== Problem requirements ==
Starting at the line that contains "This bingo card", retype each line to the end of the listing below. Include both ends, but not the pictures.

Provided material START

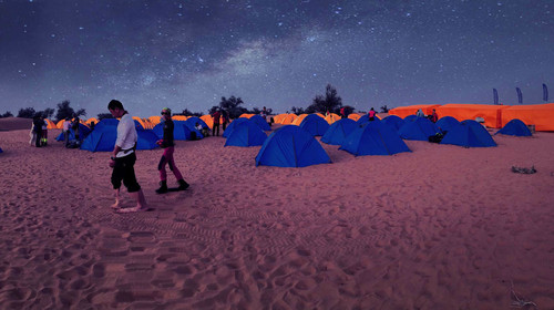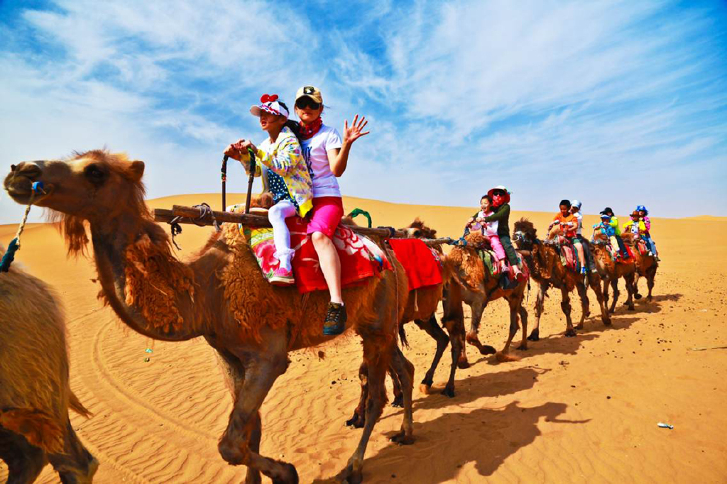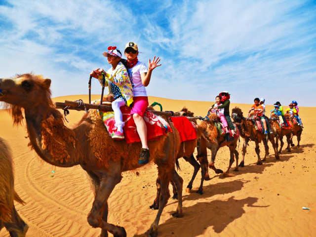坐车抵【腾格里大漠景区】,到达驼场,可自费骑骆驼抵达沙漠营地,举办沙漠专家讲座,感知沙坡头光辉的治沙历史,讲解世界首创—【麦草方格治沙法】,亲自动手扎麦草方格参与治沙活动,为保护地球,保护母亲河、绿化大西北做出自己的贡献。举行【“大漠寻宝”活动】(奖品为沙坡头特色旅游纪念品)在茫茫沙海中寻找宝物。乘坐车前往爸爸去哪儿明星拍摄地参观,试睡明星款帐篷。
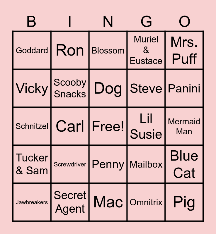 This bingo card has a free space and 68 words: Dipper & Mabel, Pig, Perry, Candace, 626, Nani, Ron, Rufus, Dog, Rainforest, Penny, Oscar & Trudy, Mermaid Man, Mrs. Puff, Crimson Chin, Vicky, Carl, Goddard, Phil & Lil, Screwdriver, Steve, Mailbox, Tucker & Sam, Ghost Portal, Otis, Mouse, Cat, BlueMouse, Blue Cat, Darwin, Blossom, Him, DeeDee, Keypad, Muriel & Eustace, Green Mask, Double D, Jawbreakers, Panini, Schnitzel, Grim, Billy, Scooby Snacks, Scrappy-Doo, Raccoon, Groundskeeper, Cyborg, Starfire, Lil Susie, Secret Agent, Susan & Mary, Dukey, Bloo, Mac, Nigel Uno, Number 5, Omnitrix, Grandpa Max & Gwen, Candy Kingdom, Jake, K’nuckles, Candied Island, Shapeshift, Master Shake, Red Guy, Supercow, Brian and Stewie.
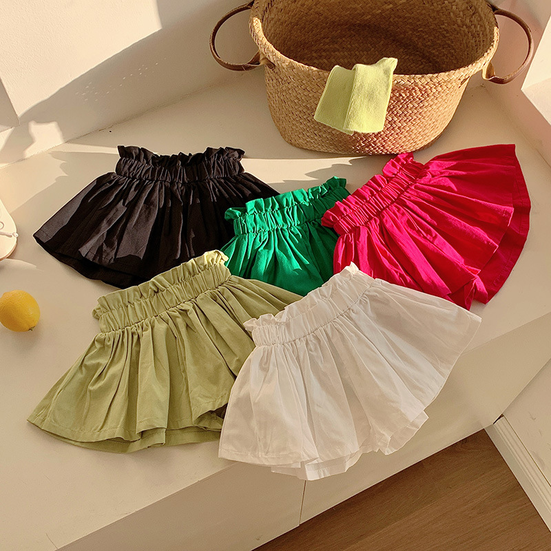 한국식 소녀 반바지 팬티 스커트 여름 얇은 순수 캔디 컬러 서양식 아우터 착용 어린 소녀 꽃 봉오리 허리 핫팬츠 패션스토어 가기

Provided material END

== Reply ==
 This bingo card has a free space and 68 words: Dipper & Mabel, Pig, Perry, Candace, 626, Nani, Ron, Rufus, Dog, Rainforest, Penny, Oscar & Trudy, Mermaid Man, Mrs. Puff, Crimson Chin, Vicky, Carl, Goddard, Phil & Lil, Screwdriver, Steve, Mailbox, Tucker & Sam, Ghost Portal, Otis, Mouse, Cat, BlueMouse, Blue Cat, Darwin, Blossom, Him, DeeDee, Keypad, Muriel & Eustace, Green Mask, Double D, Jawbreakers, Panini, Schnitzel, Grim, Billy, Scooby Snacks, Scrappy-Doo, Raccoon, Groundskeeper, Cyborg, Starfire, Lil Susie, Secret Agent, Susan & Mary, Dukey, Bloo, Mac, Nigel Uno, Number 5, Omnitrix, Grandpa Max & Gwen, Candy Kingdom, Jake, K’nuckles, Candied Island, Shapeshift, Master Shake, Red Guy, Supercow, Brian and Stewie.
 한국식 소녀 반바지 팬티 스커트 여름 얇은 순수 캔디 컬러 서양식 아우터 착용 어린 소녀 꽃 봉오리 허리 핫팬츠 패션스토어 가기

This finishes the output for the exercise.